■ Task instructions
For every record that follows, transcribe the text exactly and leave any image out.

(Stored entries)
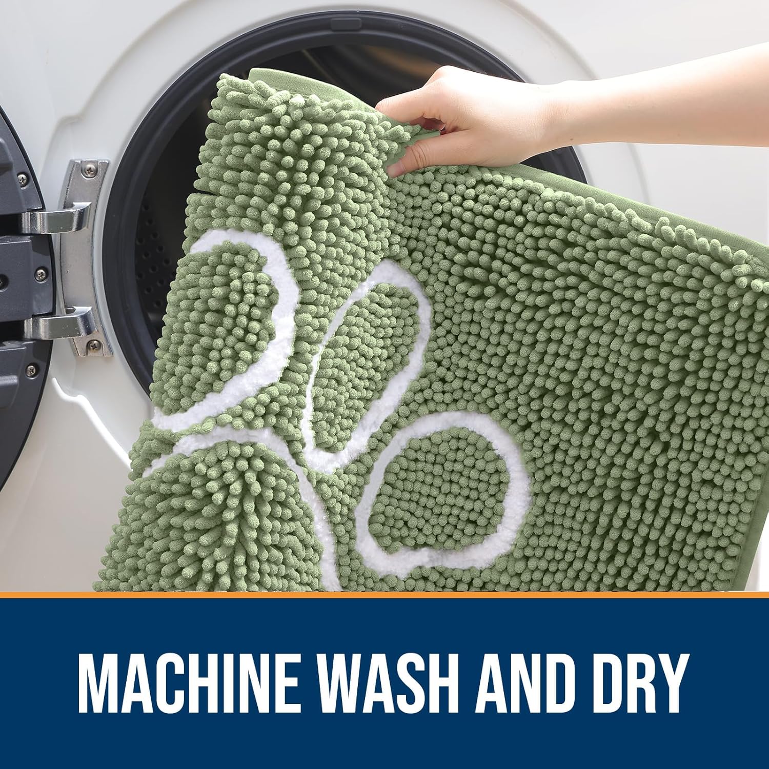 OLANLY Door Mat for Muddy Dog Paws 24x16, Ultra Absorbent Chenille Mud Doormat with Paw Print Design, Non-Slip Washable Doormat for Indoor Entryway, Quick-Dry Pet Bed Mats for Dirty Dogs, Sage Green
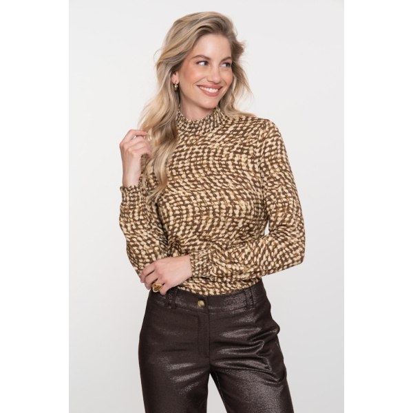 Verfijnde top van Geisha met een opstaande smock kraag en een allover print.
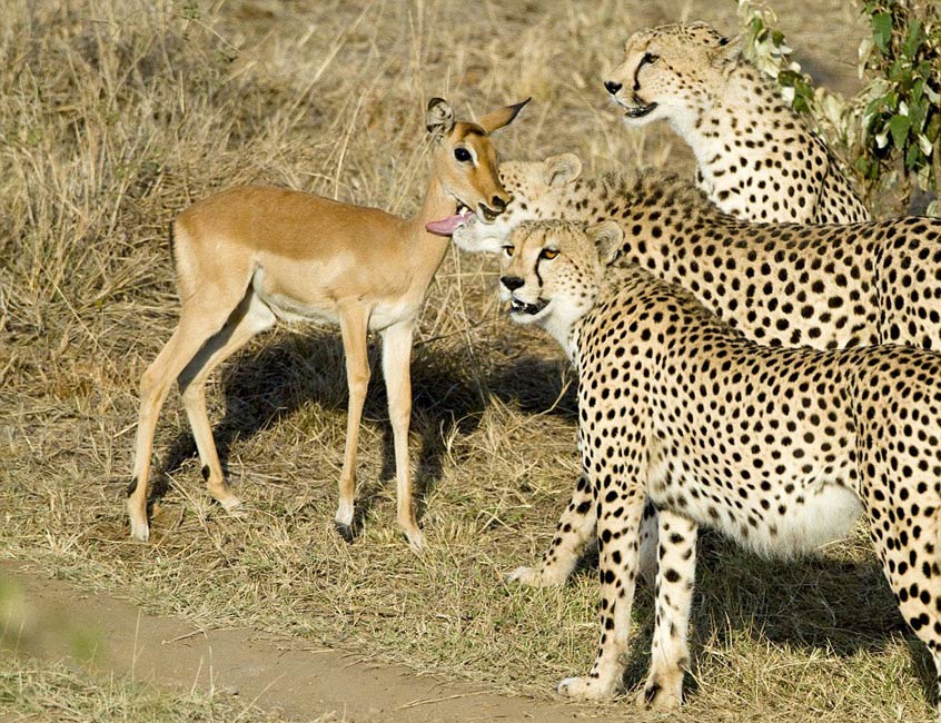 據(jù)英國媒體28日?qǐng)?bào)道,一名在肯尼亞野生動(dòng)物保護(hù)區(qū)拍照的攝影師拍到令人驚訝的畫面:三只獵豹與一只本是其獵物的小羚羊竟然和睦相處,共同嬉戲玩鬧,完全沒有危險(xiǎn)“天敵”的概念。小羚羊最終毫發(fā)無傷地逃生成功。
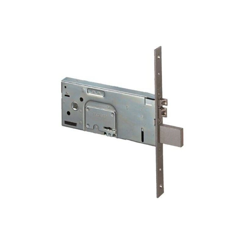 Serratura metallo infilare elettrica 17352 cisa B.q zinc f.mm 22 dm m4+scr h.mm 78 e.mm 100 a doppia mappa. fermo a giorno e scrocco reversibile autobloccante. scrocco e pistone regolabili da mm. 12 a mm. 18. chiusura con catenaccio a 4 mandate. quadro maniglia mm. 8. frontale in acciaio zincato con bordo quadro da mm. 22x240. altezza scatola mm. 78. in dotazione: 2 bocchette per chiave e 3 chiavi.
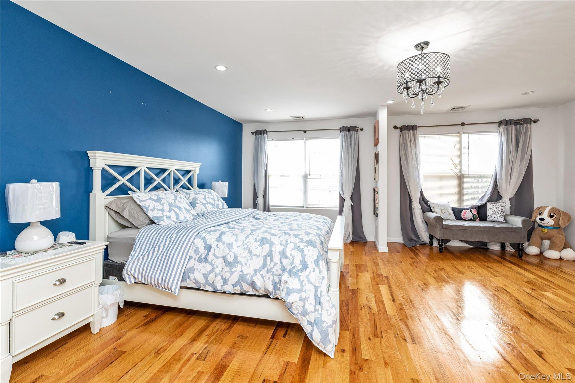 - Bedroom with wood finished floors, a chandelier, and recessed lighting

■ Solution to this problem
 OLANLY Door Mat for Muddy Dog Paws 24x16, Ultra Absorbent Chenille Mud Doormat with Paw Print Design, Non-Slip Washable Doormat for Indoor Entryway, Quick-Dry Pet Bed Mats for Dirty Dogs, Sage Green
 Verfijnde top van Geisha met een opstaande smock kraag en een allover print.
 據(jù)英國媒體28日?qǐng)?bào)道,一名在肯尼亞野生動(dòng)物保護(hù)區(qū)拍照的攝影師拍到令人驚訝的畫面:三只獵豹與一只本是其獵物的小羚羊竟然和睦相處,共同嬉戲玩鬧,完全沒有危險(xiǎn)“天敵”的概念。小羚羊最終毫發(fā)無傷地逃生成功。
 Serratura metallo infilare elettrica 17352 cisa B.q zinc f.mm 22 dm m4+scr h.mm 78 e.mm 100 a doppia mappa. fermo a giorno e scrocco reversibile autobloccante. scrocco e pistone regolabili da mm. 12 a mm. 18. chiusura con catenaccio a 4 mandate. quadro maniglia mm. 8. frontale in acciaio zincato con bordo quadro da mm. 22x240. altezza scatola mm. 78. in dotazione: 2 bocchette per chiave e 3 chiavi.
 - Bedroom with wood finished floors, a chandelier, and recessed lighting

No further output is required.